The US Air Force reported Monday that it carried out more airstrikes in Afghanistan in 2019 than any year in the last decade. Manned and unmanned aircraft dropped 7,423 bombs, topping the previous decade high of 7,362 in 2018.

Nearly two decades into its criminal neocolonial occupation, the United States government is dropping an average of 20 bombs on the country per day. The rise in airstrikes has resulted in an increase of civilian casualties at the hands of the US military, with a UN report from December finding that American attacks from January to October had claimed the lives of 579 civilians and wounded 306, a third higher than in 2018.

An unmanned U.S. Predator drone flies over Kandahar Air Field, southern Afghanistan, on a moon-lit night [Credit: AP Photo/Kirsty Wigglesworth, File]

Among the US massacres that made headlines last year was a drone strike at the end of November that killed an entire family, including three women, in Khost province. The attack came just one day after President Donald Trump made a Thanksgiving Day photo-op appearance at Bagram Air Base, flying in and out in the dark of night. In September, a drone strike in Nangarhar province, along the border with Pakistan, killed 30 farm workers and injured 40 others as they were sleeping after a day’s work picking and shelling pine nuts.

Highlighting the scope of ongoing US operations, one of the US Air Force’s electronic surveillance jets used for coordinating airstrikes and ground attacks crashed in central Afghanistan on Monday, killing the two-man crew. While the Taliban took credit for shooting down the aircraft, the Pentagon told CBS News that the cause was under investigation, but that there were “no indications the crash was caused by enemy fire.”

By conservative estimates, the 18-year-old US-led war and occupation of the country has directly resulted in the deaths of more than 157,000 people, including 43,000 Afghan civilians, with hundreds of thousands of others dying from the effects of the fighting. More than 3,500 US and other NATO soldiers have lost their lives in Afghanistan and thousands more have been wounded over the years. Seventeen American soldiers died in Afghanistan in 2019, the highest number since 2015.

Even as the number of US troops in the country has fallen to 12,000—down from a peak of 100,000 during Barack Obama’s surge in 2009—and 4,000 more are expected to leave the country soon, the Pentagon has pursued a dramatic increase in the pace of airstrikes as part of the Trump administration’s efforts to pressure the Taliban into agreeing to a settlement in the longest war in American history.
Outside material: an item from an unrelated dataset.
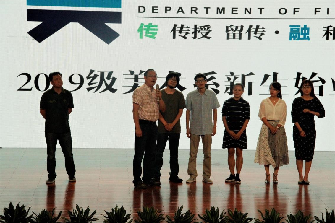 9月11日晚上六点,美术系举行2019级新生始业教育活动。美术系党政领导班子携全体教师与新生见面。美术系党总支书记、副主任(主持工作)刘发奎老师向全体新生问好,向同学们讲述“德、智、体、美、劳”全面发展的内涵,特别强调大家在“劳”方面的践行,也祝愿同学们在美丽而温馨的浙艺生活、学习愉快。美术系两位教授杜晨鹰、陈志明向新生们传授了学习方法,并真切寄语。各专业教研室向学生介绍专业情况、学习之路、就业方向等等。办公室、团学的老师们向新生们介绍了日常规章,为同学们在校在系的学习、生活、办事提供了便捷路径。

Trump threatened last year that he could quickly kill “10 million” Afghans and wipe the country of 35 million “off the face of the Earth,” while insisting that he hoped for a negotiated agreement. The Afghan-Pakistan border was the chosen site for the dropping of the largest nonnuclear weapon in the US arsenal, the Massive Ordnance Air Blast bomb, in April 2017, demonstrating that there were no restraints on what the US military would do in pursuit of American imperialist interests.

Talks that were abruptly called off by Trump via Twitter in September 2019, on the eve of a purported peace conference at Camp David, resumed in December, with the Taliban offering to scale back attacks on US and Afghan-puppet forces for a limited period of time. The Taliban now holds more territory than at any time since the US invasion began in 2001, with 67 percent of districts and 51 percent of the population under its control or actively contested, according to an estimate published by the FDD’s Long War Journal.

An online poll recently conducted by Pajhwok Afghan News found that 90 percent of Afghans want a peace deal with the Taliban and 68 percent desire a ceasefire ahead of possible intra-Afghan talks.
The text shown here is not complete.